938.Range_Sum_of_BST(Easy).md

938. Range Sum of BST (Easy)

Date and Time: Nov 27, 2024, 11:50 (EST)

Link: https://leetcode.com/problems/range-sum-of-bst

Question:

Given the root node of a binary search tree and two integers low and high, return the sum of values of all nodes with a value in the inclusive range [low, high].

Example 1:

Input: root = [10,5,15,3,7,null,18], low = 7, high = 15

Output: 32

Explanation: Nodes 7, 10, and 15 are in the range [7, 15]. 7 + 10 + 15 = 32.

Example 2:

Input: root = [10,5,15,3,7,13,18,1,null,6], low = 6, high = 10

Output: 23

Explanation: Nodes 6, 7, and 10 are in the range [6, 10]. 6 + 7 + 10 = 23.

Constraints:

• The number of nodes in the tree is in the range [1, 2 * 10^4].

• 1 <= Node.val <= 10^5

• 1 <= low <= high <= 10^5

• All Node.val are unique.

Walk-through:

Recursive Solution:

If current node.val < low, then we need to search its right subtree, so we call the recursive function on self.rangeSumBST(root.right, low, high), same thing when node.val > high, we call on its left subtree.

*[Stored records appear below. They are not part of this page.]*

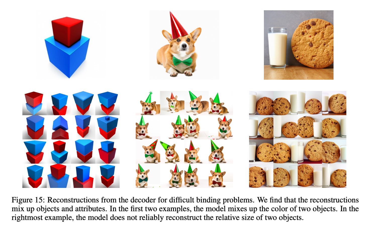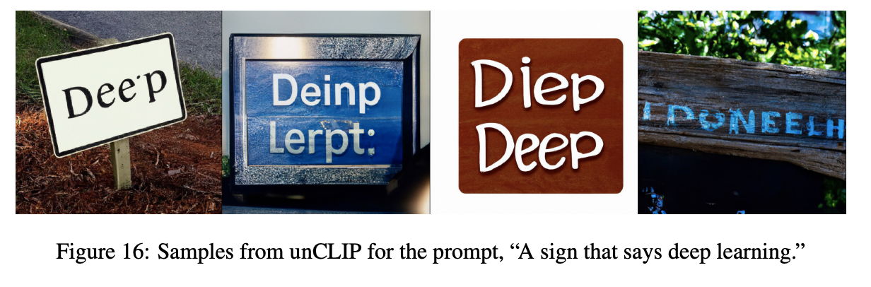 我们假设这是因为CLIP嵌入本身没有显式地将属性绑定到对象,并且发现解码器的重建经常混淆属性和对象,如图15所示。一个类似且可能相关的问题是unCLIP难以生成连贯的文本,如图16所示;可能是因为CLIP嵌入没有精确编码渲染文本的拼写信息。这个问题可能因为我们在BPE编码中模糊了标题中单词的拼写而变得更加严重,因此模型需要独立地在训练图像中看到每个标记被写出来,才能学会渲染它。
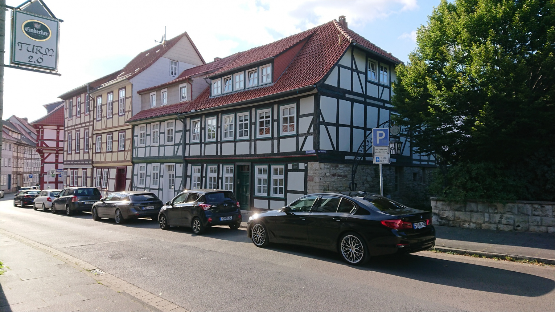 Über Einbeck und der Leineniederung Salzhelden gelangen wir nach Northeim. Unsere Ferienwohnung ist schnell gefunden und unsere Gastgeberin erwartet uns schon. Die Ferienwohnung ist so centrumsnah gelegen, dass wir zu Fuß am Abend in die Stadt gehen und uns umsehen können. Das Zentrum von Northeim besteht aus alten Fachwerkhäusern .
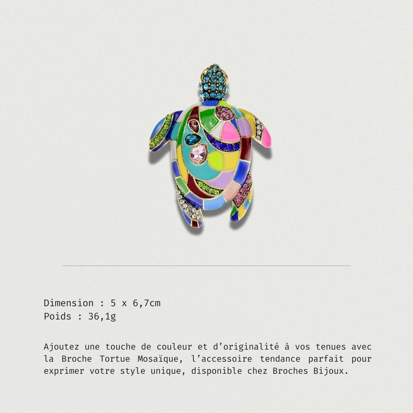Ajoutez une touche de couleur et d’originalité à vos tenues avec la Broche Tortue Mosaïque, l’accessoire tendance parfait pour exprimer votre style unique, disponible chez Broches Bijoux.
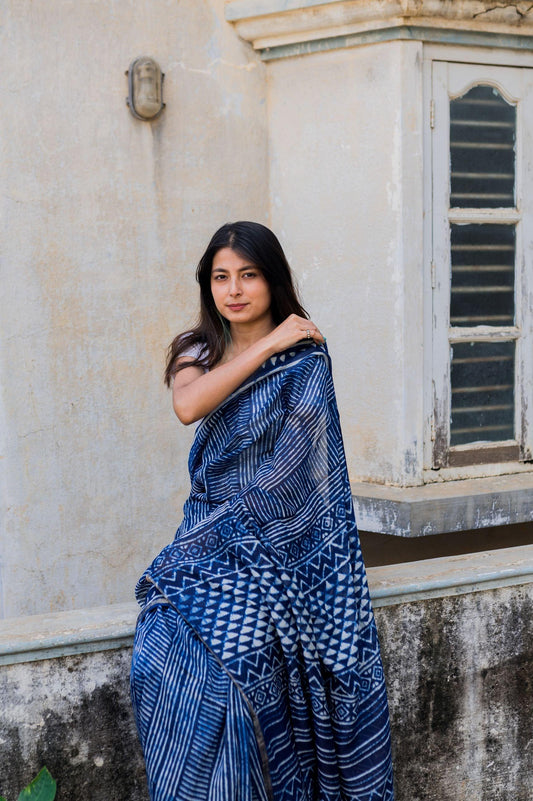 Natural dyed Dabu sarees - Malhar -Indigo Dabu saree
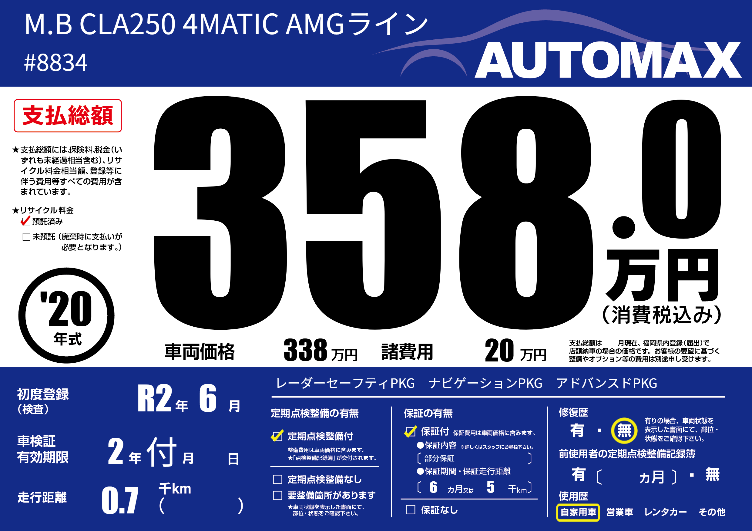 なし | 車検制限 | 2年付月---月 |
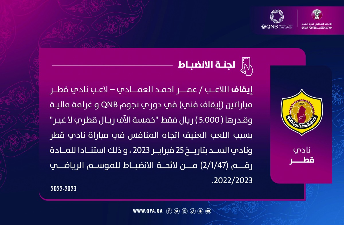 وفي اخر جلساتها الخاصة بإفراز العقوبات المقررة على مجريات الجولة السابعة عشرة من بطولة دوري النجوم قررت لجنة الانضباط التابعة للاتحاد القطري لكرة القدم ايقاف اللاعب لويز مارتن جونيزر لاعب الدحيل مباراة واحدة (ايقافا فنيا) مع تسليط غرامة مالية قدرها 5 آلاف ريال قطري وذلك بسبب اللعب العنيف في اللقاء الذي جمع فريقه بنادي قطر في الجولة الـ17 من الدوري، وذلك استنادا الى المادة 47/1/2 من لائحة الانضباط للموسم الرياضي 2022-2023، وهي المادة ذاتها التي تم تطبيقها على لاعب العربي عبدالله المعرفي ولاعب وسط قطر عمر العمادي، لكن العقوبة كانت مضاعفة حيث قررت الانضباطية ايقاف المعرفي والعمادي مباراتين (ايقاف فني) في مباراة الاول امام فريق الغرافة والثاني امام الدحيل وغرامة مالية وقدرها 5 آلاف ريال بسبب اللعب العنيف بالجولة العاشرة المؤجلة والتي اقيمت قبل الجولة الـ17 بخمسة ايام فقط، وهو ما يستدعي اعادة النظر في فحوى قراري الانضباطية التي استهدفت من خلالهما لاعبى العربي وقطر بتغليظ العقوبة دون لاعب الدحيل، وهو ما طرح التساؤلات في الشارع الرياضي بخصوص المعايير التي تطبقها لجنة الانضباط عند اتخاذ قراراتهامع التأكيد على أن تعي اللجنة أهمية حياديتها بين الاندية ولا أن تكون سبباً في خلق أي حساسية او ضغينة او عداوة بين جماهير الاندية.
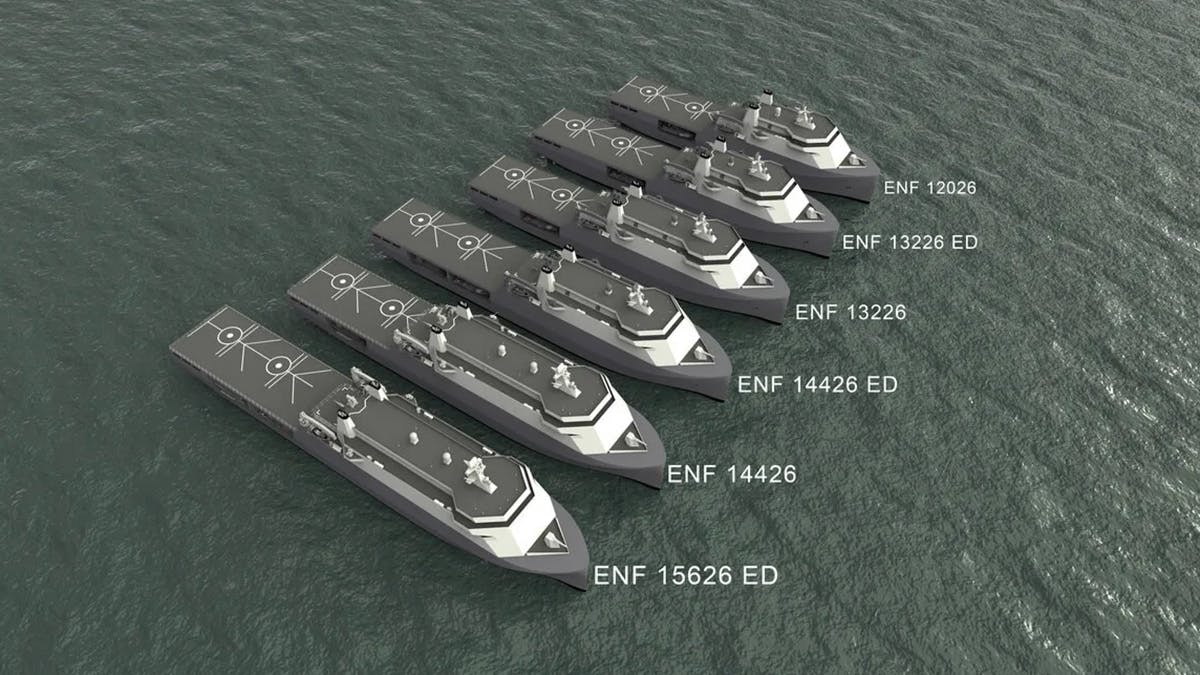 The Damen Enforcer family of hulls can be tailored with different superstructures and internal layouts, with vehicle and cargo decks that can be reconfigured or containerised to create the kind of modular mission bays the Royal Navy is seeking. The aviation facilities are already generous, with large flight decks and hangars able to support multiple helicopters, and the largest variants designed to operate Chinooks – a good match for the emphasis on heavy-lift and UAV integration.
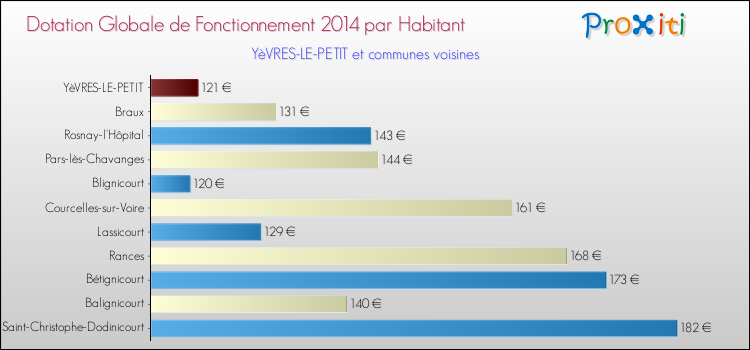 Le graphique ci dessous indique la Dotation Globale de Fonctionnement accordée par habitant à Yèvres-le-Petit en 2014 par rapport aux communes voisines.
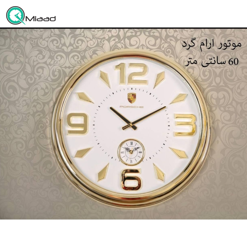 ساعت دیواری پورشه مدل 215، ساعت دیواری سایز 60 با بدنه پلاستیک و اعداد برجسته طلایی رنگ، دارای موتور ثانیه شمار مستقل، رنگ طلایی سفید
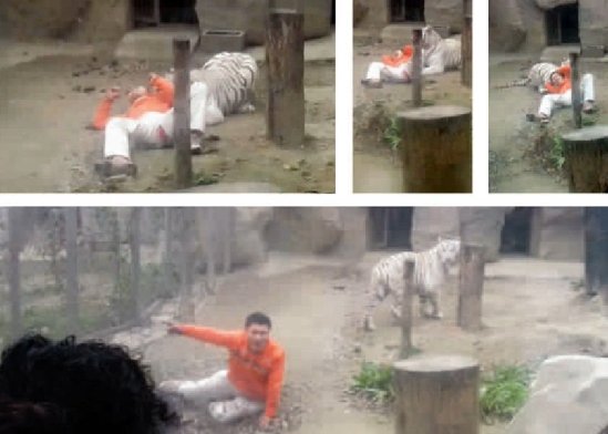 随后,一只被吓退的老虎从10米之外向男子所在方向跑来。“直到这时,男子才开始有点害怕。”一名游客说,橙衣男子连连后退,一边吼着一边和老虎周旋。相持不久,老虎从后面将其扑倒,咬着男子衣服往场地中央拖行。在拖行数米后,老虎开始撕咬男子。“老虎咬人了!老虎咬人了!”顿时,墙外的游客纷纷大叫。正当大家以为男子肯定难逃虎口时,老虎却意外停下了撕咬,开始用鼻子嗅了嗅男子的腿部,然后在他附近徘徊。
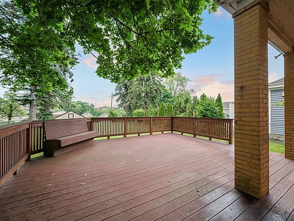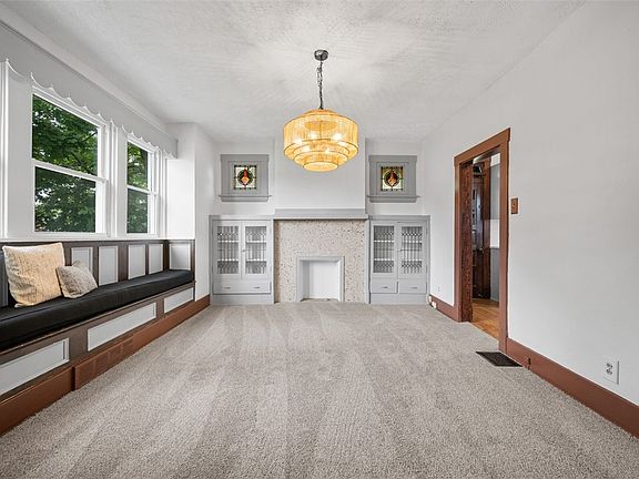 Turn-of-the-century Brentwood beauty boasts preserved historic details, a tabletop quarter-acre lot, and timeless suburban appeal just 5 miles from Downtown Pittsburgh. A shady front porch welcomes you to the entry foyer, where stained glass windows and handsome trim work set a warm tone. Brand-new carpet flows into the living room anchored by an ornate period fireplace mantel. In the dining room, leaded glass built-ins, an extra-long bench seat, and a scalloped window cornice steal the show. The kitchen blends old-world charm with modern functionality, flaunting stone counters and a large undermount sink. Three comfortable bedrooms upstairs feature unique fireplace surrounds and built-in dressers, while the full hall bath hosts a new oversized vanity. Step into the backyard to find a too-good-to-be-true green space dotted with towering trees, a spacious deck, and a meandering path to the detached two-car garage. Don’t miss this Brentwood gem!
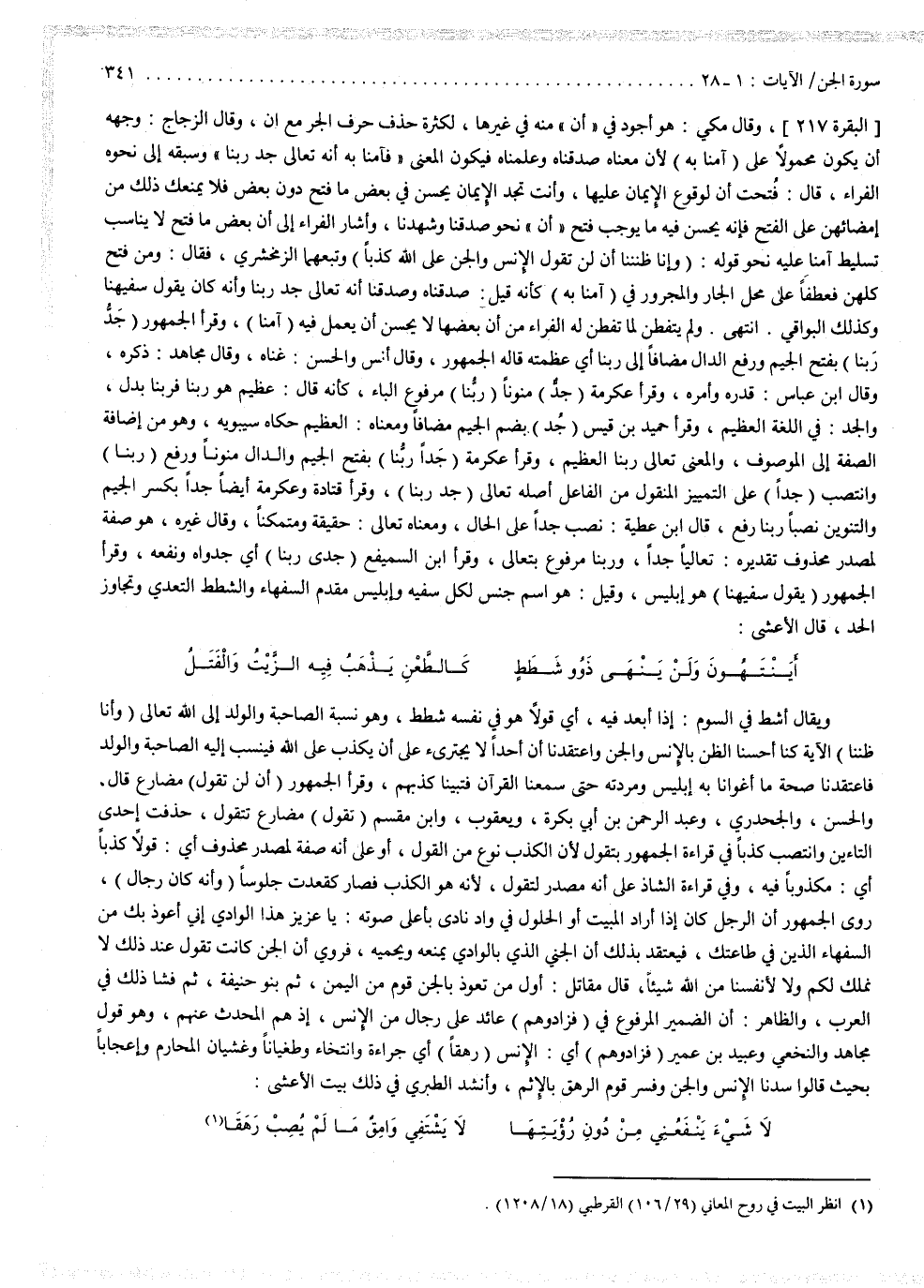 ( وَأَنَّهُ كَانَ رِجَالٌ ). روى الجمهور أن الرجل كان إذا أراد المبيت أو الحلول في وادٍ نادى بأعلى صوته : يا عزيز هذا الوادي إني أعوذ بك من السفهاء الذين في طاعتك ، فيعتقد بذلك أن الجني الذي بالوادي يمنعه ويحميه . فروي أن الجن كانت تقول عند ذلك : لا نملك لكم ولا لأنفسنا من الله شيئاً . قال مقاتل : أول من تعوذ بالجن قوم من اليمن ، ثم بنو حنيفة ، ثم فشا ذلك في العرب . والظاهر أن الضمير المرفوع في ) فَزَادوهُمْ ( عائد على ) رِجَالٌ مّنَ الإِنسِ ( ، إذ هم المحدث عنهم ، وهو قول مجاهد والنخعي وعبيد بن عمير . ) فَزَادوهُمْ ( أي الإنس ، ( رَهَقاً ( : أي جراءة وانتخاءً وطغياناً وغشيان المحارم وإعجاباً بحيث قالوا : سدنا الإنس والجن ، وفسر قوم الرهق بالإثم . وأنشد الطبري في ذلك بيت الأعشى : لا شيء ينفعني من دون رؤيتها

Otherwise, if node.val is within the range [low, high], we update res += node.val.

BFS Solution:

Use deque[] to normally run BFS, we only check if current node.val is within the range of [low, high], if so, we update res += node.val.

Recursive Solution:

# Definition for a binary tree node.
# class TreeNode:
#     def __init__(self, val=0, left=None, right=None):
#         self.val = val
#         self.left = left
#         self.right = right
class Solution:
    def rangeSumBST(self, root: Optional[TreeNode], low: int, high: int) -> int:
        # If root.val < low, go to its right subtree
        # If root.val > high, go to its left subtree
        # If root.val within range, update res. Go to both side

        # TC: O(n), n is total nodes, SC: O(1)
        if not root:
            return 0
        elif root.val < low:
            return self.rangeSumBST(root.right, low, high)
        elif root.val > high:
            return self.rangeSumBST(root.left, low, high)
        else:
            return root.val + self.rangeSumBST(root.left, low, high) + self.rangeSumBST(root.right, low, high)

Time Complexity: $O(n)$
Space Complexity: $O(1)$

BFS Solution:

# Definition for a binary tree node.
# class TreeNode:
#     def __init__(self, val=0, left=None, right=None):
#         self.val = val
#         self.left = left
#         self.right = right
class Solution:
    def rangeSumBST(self, root: Optional[TreeNode], low: int, high: int) -> int:
        # Run BFS to add all the sum, if node.val within bound

        # TC: O(n), n is total nodes, SC: O(n)
        deque = collections.deque([root])
        res = 0
        while deque:
            node = deque.popleft()
            if node.val >= low and node.val <= high:
                res += node.val
            if node.left:
                deque.append(node.left)
            if node.right:
                deque.append(node.right)
        return res

Time Complexity: $O(n)$
Space Complexity: $O(n)$